> [Task]:
The lines to copy from the listing below are those that contain the string "between".

> [Information given]:
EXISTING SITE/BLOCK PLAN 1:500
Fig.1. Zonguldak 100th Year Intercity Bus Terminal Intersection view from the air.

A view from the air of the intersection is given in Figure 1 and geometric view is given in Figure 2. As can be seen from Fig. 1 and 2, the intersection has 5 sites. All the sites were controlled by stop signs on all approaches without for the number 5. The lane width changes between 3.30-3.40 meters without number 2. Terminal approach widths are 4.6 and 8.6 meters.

---

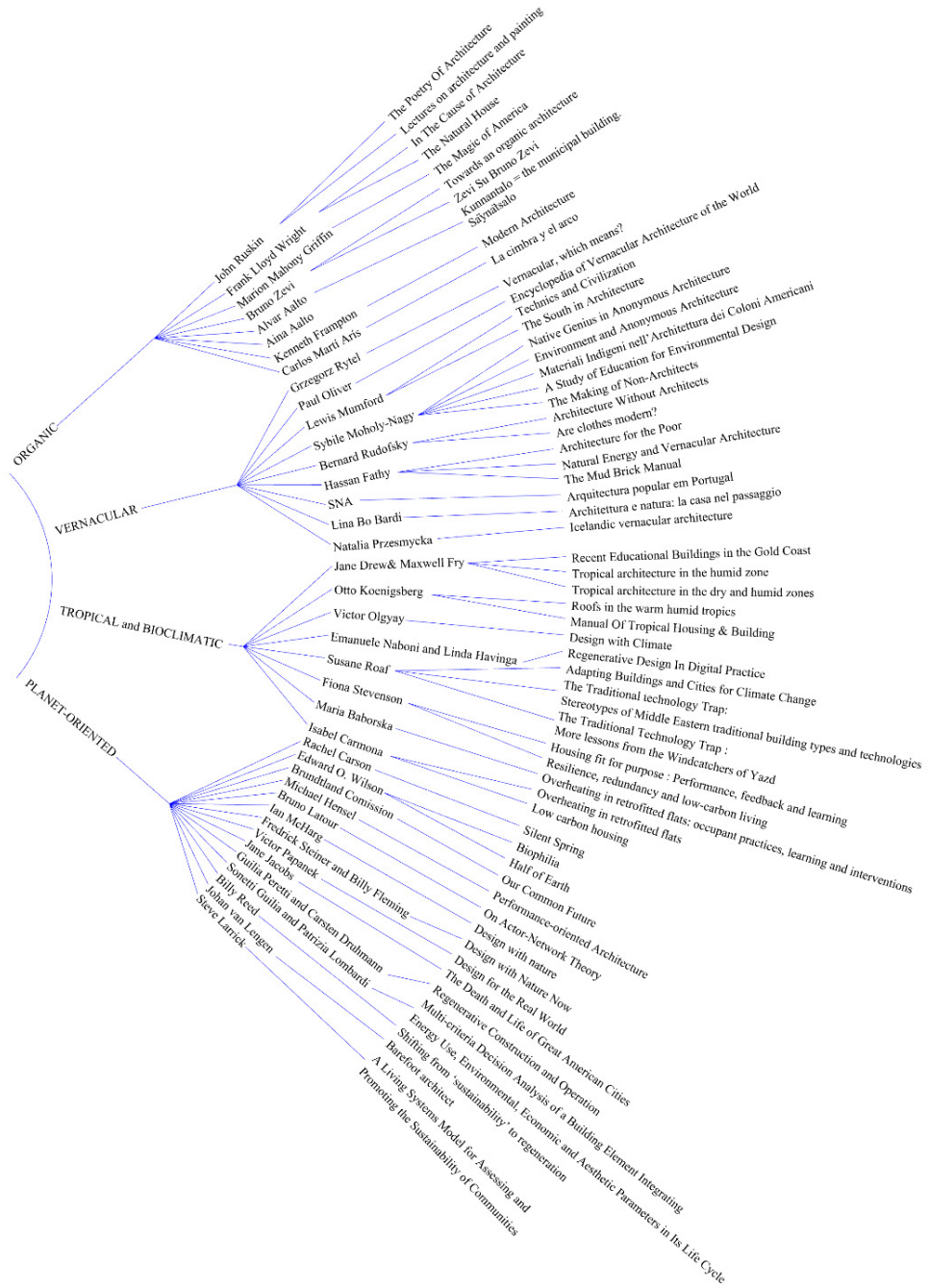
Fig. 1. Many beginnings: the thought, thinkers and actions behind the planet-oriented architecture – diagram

...

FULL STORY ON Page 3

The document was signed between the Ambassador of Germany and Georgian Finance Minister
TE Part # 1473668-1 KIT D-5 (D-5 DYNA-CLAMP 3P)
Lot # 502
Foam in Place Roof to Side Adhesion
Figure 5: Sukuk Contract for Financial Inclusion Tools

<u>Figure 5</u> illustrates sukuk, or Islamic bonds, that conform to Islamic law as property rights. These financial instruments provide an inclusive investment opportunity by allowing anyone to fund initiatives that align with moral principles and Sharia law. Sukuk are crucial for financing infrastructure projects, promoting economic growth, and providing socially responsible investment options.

> [Task result]:
A view from the air of the intersection is given in Figure 1 and geometric view is given in Figure 2. As can be seen from Fig. 1 and 2, the intersection has 5 sites. All the sites were controlled by stop signs on all approaches without for the number 5. The lane width changes between 3.30-3.40 meters without number 2. Terminal approach widths are 4.6 and 8.6 meters.
The document was signed between the Ambassador of Germany and Georgian Finance Minister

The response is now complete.